Beim Lesen mitunter erheiternd und in Summe niederschmetternd ist der trotz des breiten thematischen Spektrums sehr enge Horizont. Idealerweise sollte alles, worüber berichtet wird, ein bisschen zünftig sein oder zumindest Lokalkolorit aufweisen. Dass kürzlich die Sopranistin Manuela Dumfart ihren Abschied vom Brucknerhaus bekanntgab, wäre an sich wahrscheinlich noch nicht berichtenswert gewesen. Dass die Sängerin eine „Wirtstochter aus Lichtenberg“ ist, wie der Leser / die Leserin zum Einstieg des kurzen Artikels über sie informiert wird, dürfte den Ausschlag gegeben haben. So macht man einen Kulturteil, den die Leute im eigenen Bundesland gern durchblättern und vielleicht auch den einen oder anderen Artikel lesen. Über die Landesgrenzen hinaus interessiert das aber niemand.

Es gibt natürlich noch andere Printmedien. Die „Kronen Zeitung“ hat eine Oberösterreich-Ausgabe mit eigener Kulturseite, für die verdiente Menschen wie Norbert Trawöger schreiben. Ob es sich dafür lohnt, dieses Blatt in die Hand zu nehmen, muss jede und jeder für sich entscheiden. Ich tue es lieber nicht. Und das „Neue Volksblatt“, einst „Linzer Volksblatt“, existiert auch noch. Hier publizierten einst Marlen Haushofer und Thomas Bernhard sehr frühe Texte, inzwischen ist die im Besitz der ÖVP befindliche Zeitung aber in die publizistische Bedeutungslosigkeit abgerutscht.

Was einem kein oberösterreichisches Medium auch nur ansatzweise bietet, ist ein Überblick über aktuell breit diskutierte Themen, Bücher, Platten, Stücke, Ausstellungen. Nehmen wir die Literaturberichterstattung. Alle heiligen Zeit bespricht Christian Schacherreiter in den „Nachrichten“ einen aktuellen Roman aus Österreich. Am Wochenende findet sich im Magazinteil dazu noch eine Seite mit bunt zusammengewürfelten Buchvorstellungen, die dagegen den Eindruck hinterlässt, als hätte man nach dem Zufallsprinzip ein paar von Verlagen geschickte Rezensionsexemplare herausgegriffen und die Klappentexte leicht umgeschrieben.

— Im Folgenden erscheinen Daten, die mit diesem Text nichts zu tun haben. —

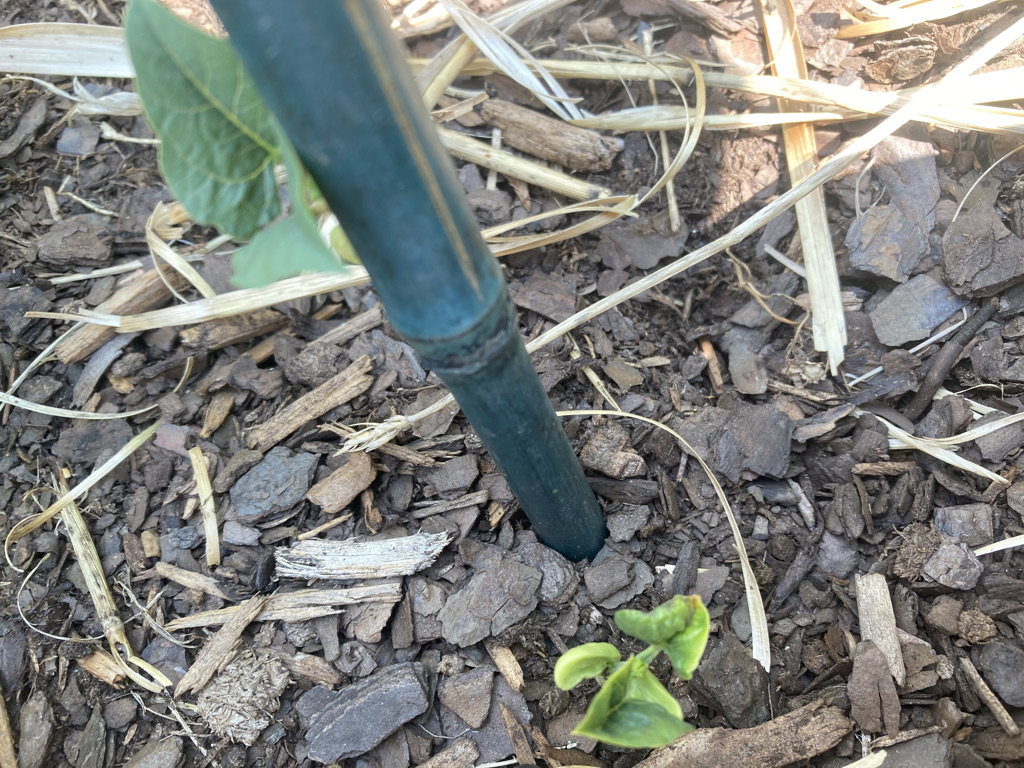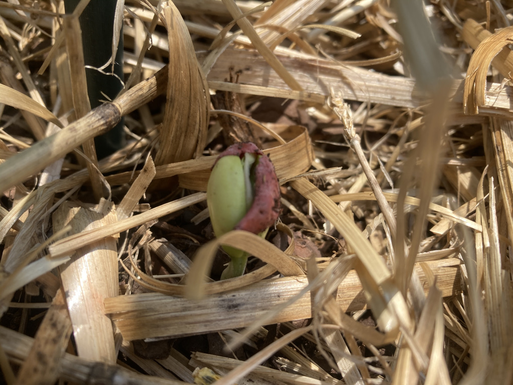 Last week we stopped by the garden store and picked up a packet of dried soup beans. Our first intentionally planted beans in this plot! The packet said 7-10 days to germinate, and here they are.

Die RedakteurInnen scheinen ähnlich hilflos vor der unübersichtlich gewordenen Menge an Neuerscheinungen zu stehen wie die ZeitungsleserInnen, denen sie einen Weg dadurch bahnen sollten.

Ich vertrete keinen abgehobenen Kulturjournalismus. Meine größte Freude ist es, wenn mich jemand anspricht und sagt, bei meinen Rezensionen oder Porträts bekomme man einen guten Eindruck von einem Buch oder der Persönlichkeit, die dahinter steht. Doch auch mit diesem letztlich serviceorientierten Kulturjournalismus komme ich mir in meinem Hoamatland schon wie ein elitärer Exot vor. Man merkt den Texten in oberösterreichischen Medien an, wie huschpfusch sie recherchiert und verfasst wurden und wie sehr alles im eigenen Saft köchelt.

Um die Eingangsfrage zu beantworten: Es gibt in Oberösterreich auf der einen Seite eine Kulturberichterstattung, die sich weitgehend darauf beschränkt, das hiesige Kulturgeschehen eher oberflächlich abzubilden, auf der anderen – und das wäre eine eigene Geschichte – hochspezialisierte Nischenmedien wie „Versorgerin“ und „Die Referentin“. Nennenswert ist auch der “Kulturbericht OÖ”. Dazwischen liegt ein breiter Graben. Ein Kulturjournalismus, der sich an eine breitere LeserInnenschaft wendet und dieser auch Inhalte zumutet, ist mir leider noch nicht untergekommen.